Mary Creagh says failure to act in Syria “opened the door to ISIS”

6th July, 2015 1:32 pm

mary creagh

Shadow International Development Secretary Mary Creagh has said that the failure of western governments to act against Bashar al-Assad in 2013 helped give rise to jihadist group ISIS. Writing for Progress Magazine, Creagh describes the vote that stopped the possibility of UK intervention in Syria as a “shock defeat” that “reverberated around the world”.

Following the use of chemical weapons in Syria two years ago, the Government put forward a motion to begin military action against Assad’s regime. Creagh outlines the series of criteria Labour put forward that the proposed action would have to meet for the party to support it – and says there was a “widely held view that the doctrine of humanitarian intervention and the responsibility to protect gave a legal basis for intervention.”

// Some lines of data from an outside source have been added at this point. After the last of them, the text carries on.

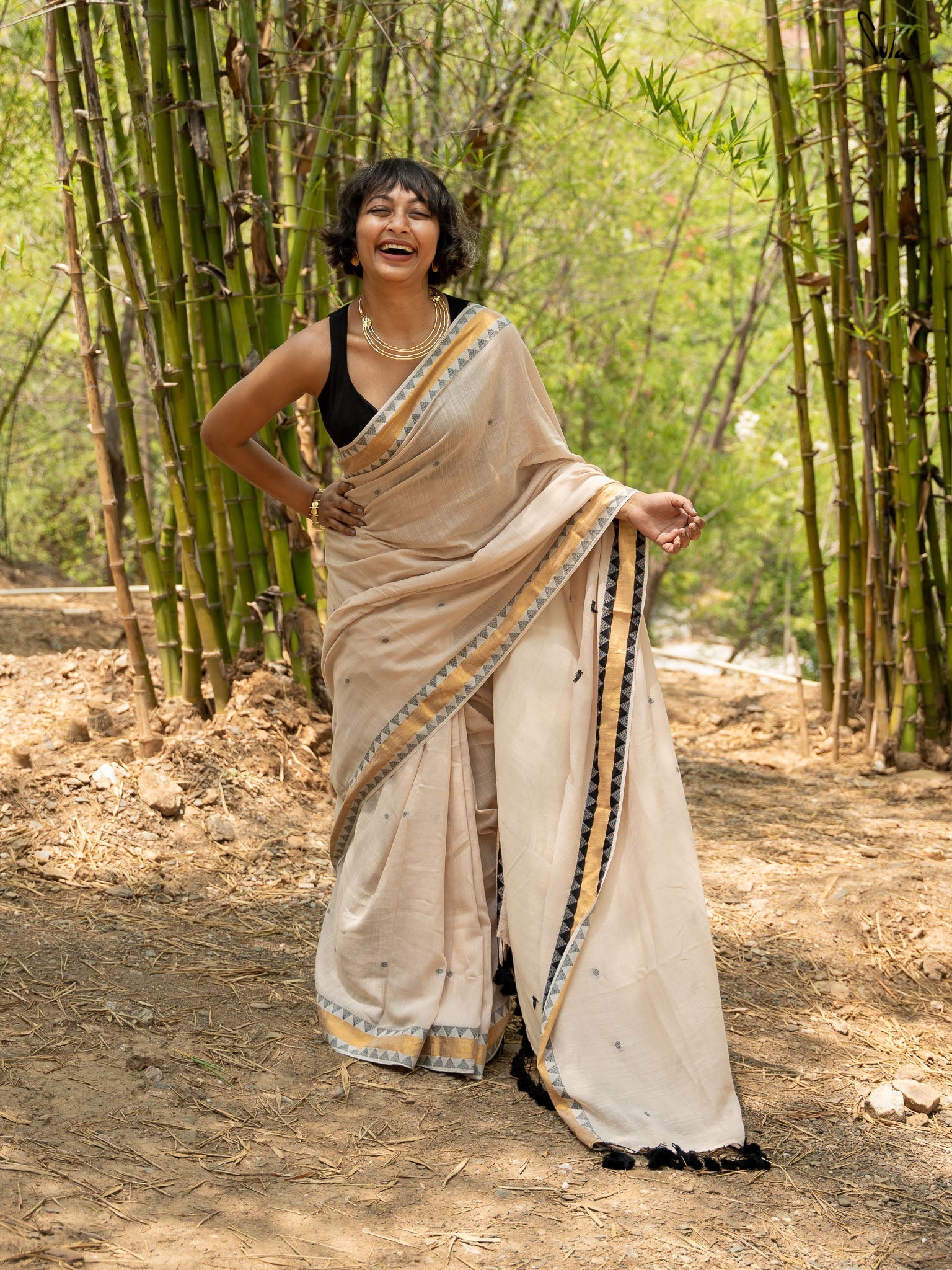 The Mogra Mist saree is an exquisite beige cotton slub piece featuring a delicate zari border and a charming small black temple border. This saree, adorned with vibrant black polka dots all over, has a quirky yet sophisticated charm that makes it ideal for both informal and festive occasions. Drape yourself in this saree and let its beauty bring a touch of floral serenity to your style!
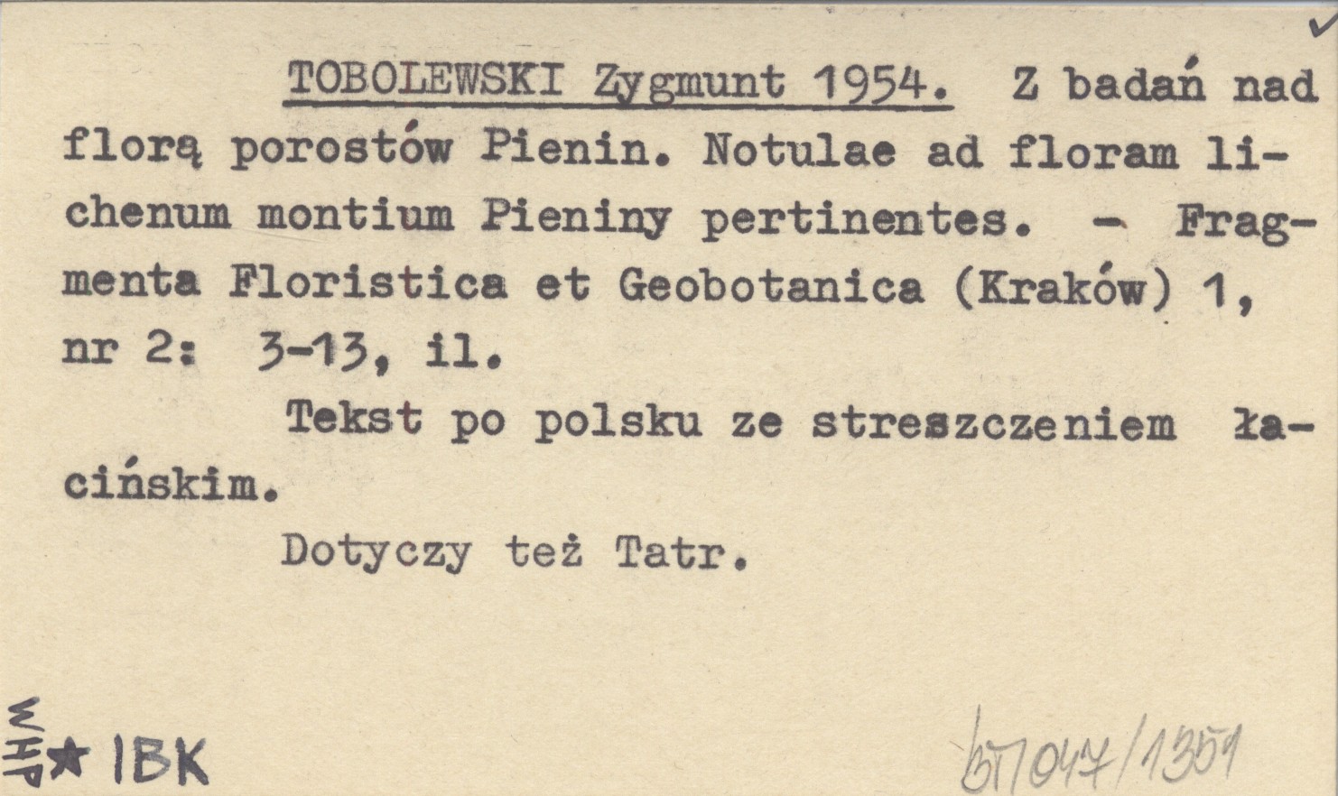 TOBOLEWSKI Zygmunt 1954 Z badań nad florą porostów Pienin. Notulae ad floriam lichenum montium Pieniny pertinentes.
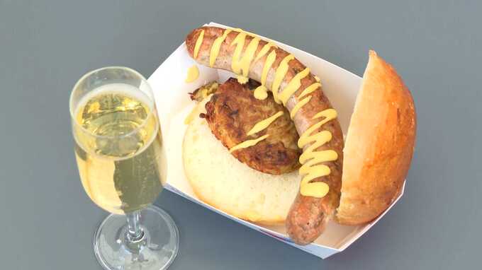 カフェでは、マスタードのかかったソーセージとポテトフリッターをはさんだサンドを食べることができます。
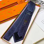 Hermes Navy Blue Mini H Pattern Canvas Tie For Men
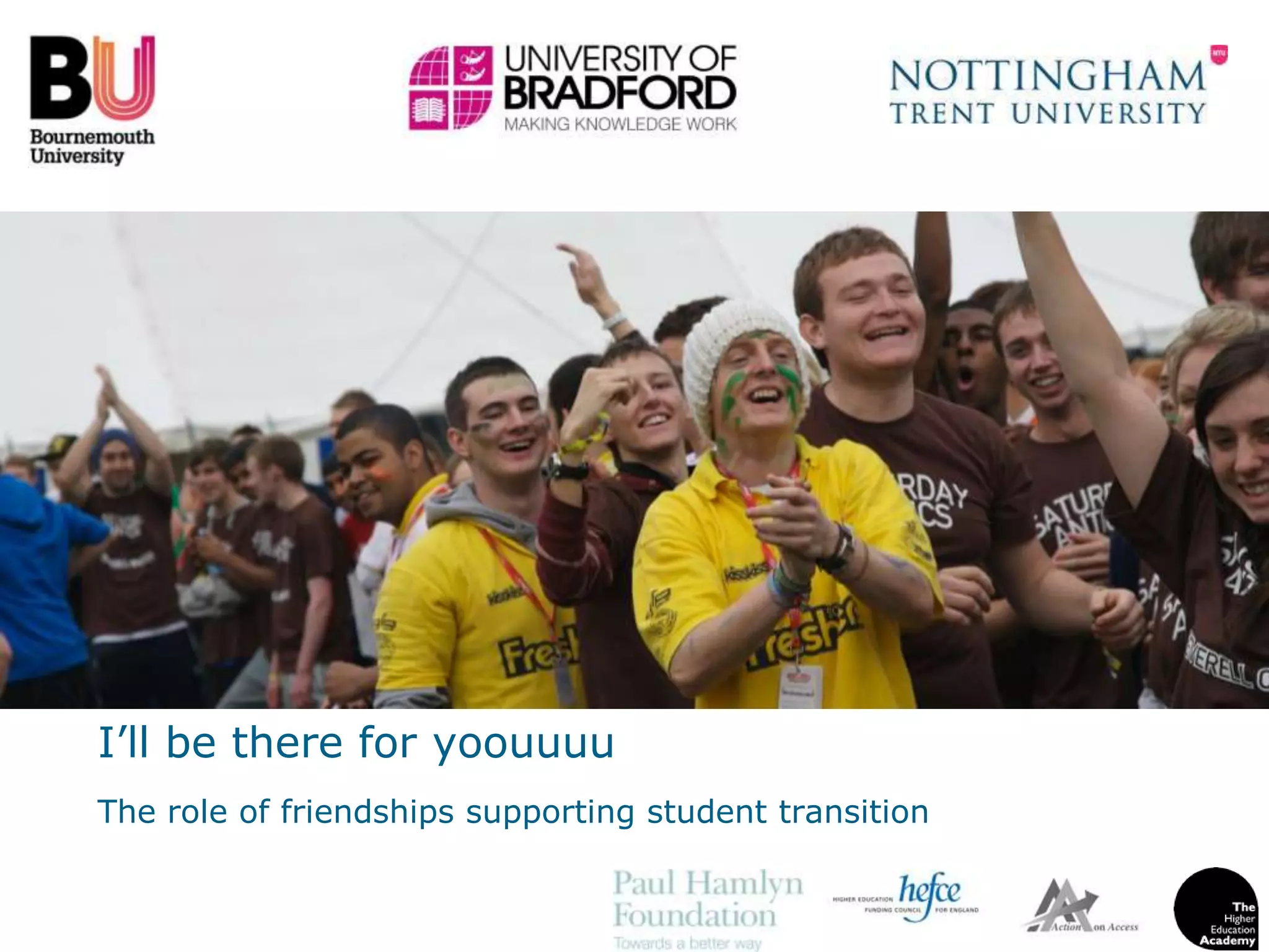 This document discusses the importance of friendships in supporting student transition and retention. It presents findings from research that show social integration and making friends, especially early on, can help students feel like they belong and be more likely to persist in their studies. Specific strategies are suggested to help students make friends, such as icebreakers, organized social activities, and embedding more small group work and interactions into course design. While halls of residence are important locations to form initial friendships, other strategies may be needed to support students not living on campus. Overall, intentionally creating opportunities for friendship formation can help students feel more integrated both socially and academically.
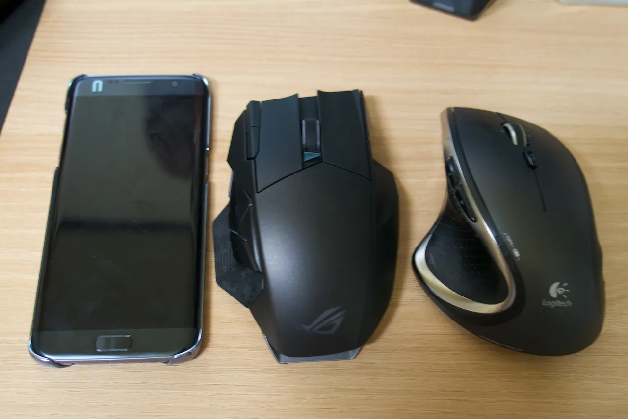 대략 크기 비교를 위해 갤럭시 S7 엣지와 로지틱 퍼포먼스 MX를 두었다.
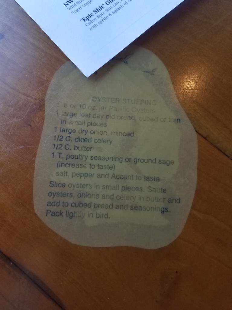 What is also neat is they have a ton of recipes for oysters and seafood dishes lacquered into the tables. You can learn while you eat and drink.

The former leadership candidate says that there was a belief in Labour ranks that their opposition to the Government proposal would not be enough to stop it:

“The assumption was that we would vote for our motion and lose, and then the Tories would put their motion and win. On any future government motion, specifically authorising air strikes, Labour would, in all probability, have backed the government.”

There are rumours that Cameron will again propose airstrikes in Syria this summer, this time targeting ISIS bases following the terrorist attack in Tunisia last month. Many believe Labour will support this action, although Jeremy Corbyn has already said he is opposed to the idea.

But Creagh says that the action now is a direct result of inaction two years ago, which she argues came from Cameron’s failure “to do the heavy lifting with his backbenchers” and win enough support within his own party. The Wakefield MP writes:

“The west’s failure to protect the Syrian people from Assad’s state terror opened the door to Isis stepping in and offering resistance to his regime.”

Could this be the start of a new Labour position on Middle East intervention?